Unveiling the Future of AI-Powered Media: OpenAI's Latest Multimodal Update

The AI Storyteller: Creating Video Voiceovers with GPT-4 Vision

OpenAI has just unveiled one of its most significant updates, making their models cheaper, faster, and more extensive than ever. This update introduces "Banner Control" for function calling and larger language model outputs. These improvements promise to open up new possibilities for developing exciting AI-driven applications.

New models and developer products announced at DevDay
GPT-4 Turbo with 128K context and lower prices, the new Assistants API, GPT-4 Turbo with Vision, DALL·E 3 API, and more.
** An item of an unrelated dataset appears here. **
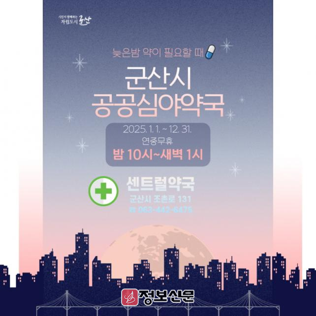 군산시에 따르면, 2022년 7월부터 보건복지부 시범사업으로 시작된 공공심야약국은 1개소로 현재까지 운영되고 있다.
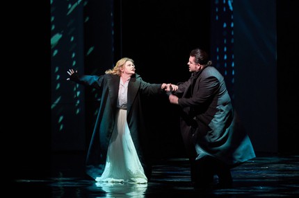 Хоровые страницы партитуры весьма масштабны и важны в общем контексте сюжета. Прозвучали они рельефно мощно и выразительно чувственно, на эмоциональном подъеме, со всей полнотой вербального погружения в живую ткань музыки, и в этом явно преуспели хормейстеры Ольга Рочева (главный хормейстер театра) и Алла Швецова. Подлинным же дирижером-медиумом, бережно и чутко транслировавшим звучание музыки в зрительный зал, стал музыкальный руководитель постановки Роман Денисов (главный дирижер театра). Партитура, в которой давно известна наперед каждая нота, прозвучала невероятно свежо и вольготно, и ее упоительность мастерски сочеталась с психологической рельефностью…

Within just 24 hours of the release, developers and enthusiasts worldwide have begun experimenting with these enhanced capabilities. From analyzing website landing pages to generating video voiceovers, the potential applications are boundless. In this blog post, we'll explore one fascinating application where you can create video voiceovers using GPT-4V.

The Video Voiceover Generator

The video voiceover generator is a remarkable example of what GPT-4V can achieve. It's a tool that allows you to upload a short video clip, provide a prompt, and then generate a new video with a voiceover based on the prompt. The process is surprisingly straightforward, thanks to OpenAI's platform and tutorials provided by the community.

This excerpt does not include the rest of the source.